HOW THEY FELT. Yes, the cinematic wonder of TITANIC is amazing, but the reason little girls (and bigger girls) went over and over and over again was because of the love story between Rose and Jack. That’s what people remember and take with them from the movie.
Now, granted, AGE OF ULTRON tries to have some human component, but the problem is that it is completely tangential to the central action. It’s not integrated into the plot at all. The budding love story between Black Widow and The Hulk is touching, and makes the ending feel more complicated in a good way – like all Shakespeare comedies where there is always at least one heartbreak, at least one character vilified and exiled. But it’s not enough. It’s not tied into the story so while I care, I wasn’t worried as the story progressed. Their love wasn’t at stake when things got more difficult in the plot. Similarly with the relationship between the two enhanced twins, Quicksilver and Scarlet Witch, they are bad guys at first and even if they are redeemed at the end, I can’t feel Scarlet Witch’s pain.
What WOULD have been central to the plot and was touched on but never developed into anything real or interesting? Ultron’s rage at his maker – Iron Man – and the fact that that rage comes FROM Iron Man himself. The whole Pinocchio metaphor was genius, but it stayed within the realm of the philosophical, the cerebral, and never became the heart of the movie. Rage is a powerful motivator, but I never truly felt it. I was shown it, I was TOLD that it was rage and that Iron Man shared it himself, but it never became part of the action or consequences or developed into an emotional component of the story.
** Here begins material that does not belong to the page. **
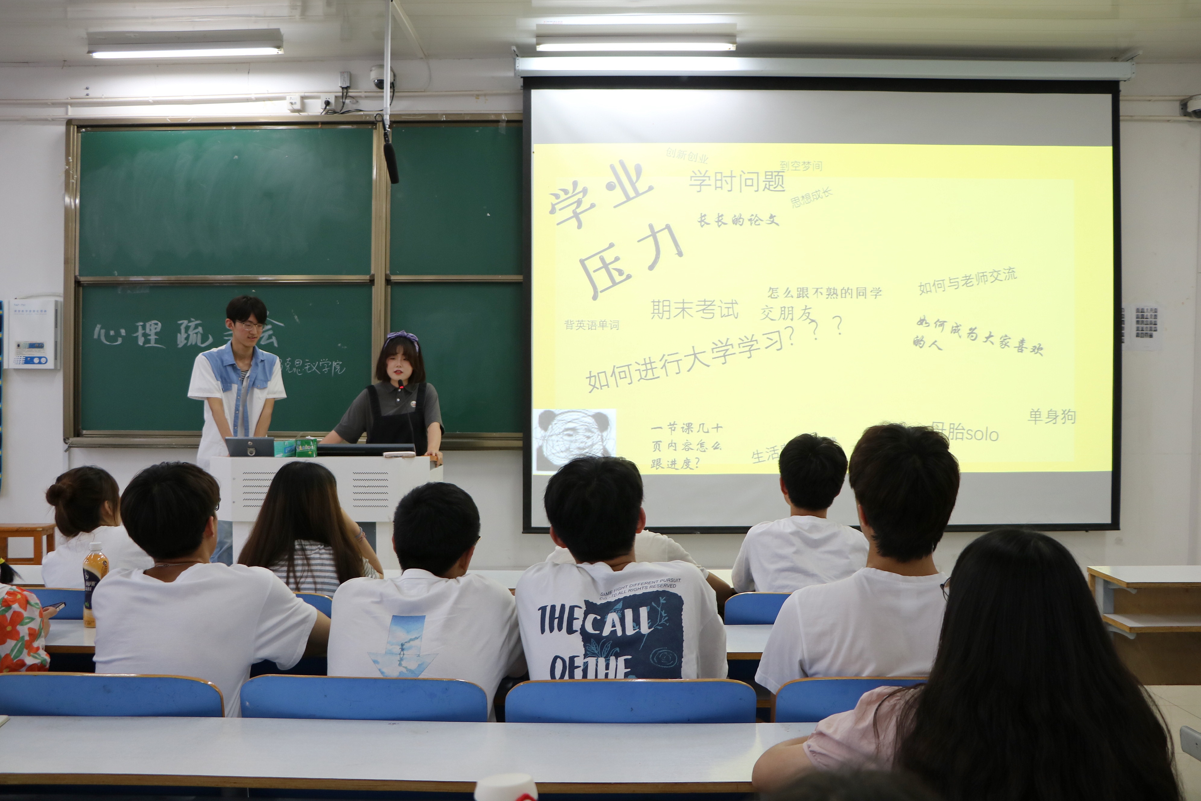 本次疏导会分为“我们生活中常见的心理问题”、“心理小测试和游戏环节”、“敞开心扉,分享烦恼”、“如何积极面对心理问题”四个部分进行。首先,林兆申列举了如何处理寝室关系、如何合理支配生活费等生活中同学们常遇到的烦恼。接着,他让同学们进行了两个心理小测试,通过测试,让他们进一步了解自己的社交能力与性格特点。在“海内存知己”游戏环节,同学们随机分组,依次介绍自己,拉近了同学之间的距离,活跃了现场氛围。最后,王玮琳对同学们在学习生活中的烦恼进行分析,并提出意见。她提出,同学们要确立新的适合自己的追求目标,正确对待学习、生活与就业带来的压力,对待情感问题要理智,不要迷失自己,面对压力要积极转移注意力,学会自我宣泄。

Joss Whedon recently said that when he cut out all of Loki’s scenes in AGE OF ULTRON:
The movie has so much. It’s so filled. We didn’t want it to feel overstuffed. I really wanted to have Loki in it, but I understood the decision that there were now too many voices in the chorus.
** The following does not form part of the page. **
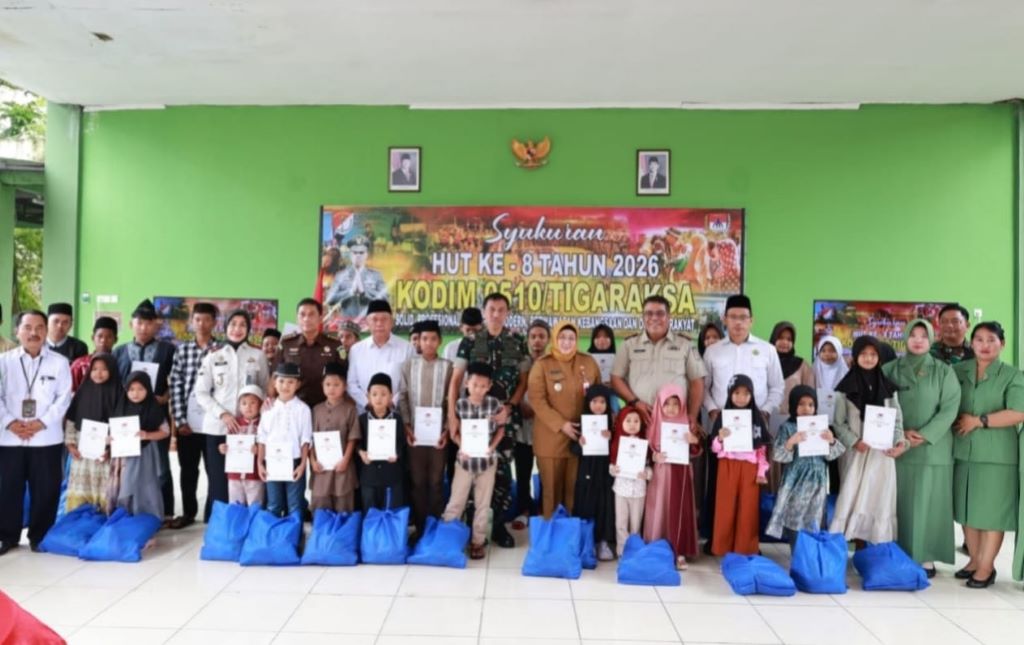 Perayaan HUT ke-8 Kodim 0510/Tigaraksa dihadiri Wakil Bupati Tangerang, Kepala Kejaksaan Negeri, Kepala Lapas, Kepala BPN, serta Ketua MUI Kabupaten Tangerang, berlangsung di Makodim 0510/Tigaraksa, pada Senin, 9 Februari 2026.

I think there was too much in general, and the result was a loss in emotion. The hook that keeps me hanging by the edge of my seat as I hope the good guys win at the end. Next time, I hope. What makes Joss Whedon and J.J. Abrams some of my favorite Hollywood writer/directors is the fact that their superheroes are so terribly human and often fragile and vulnerable because of it. It’s the stuff of Greek tragedies, and I look forward to every project they produce. In this case, it just wasn’t enough.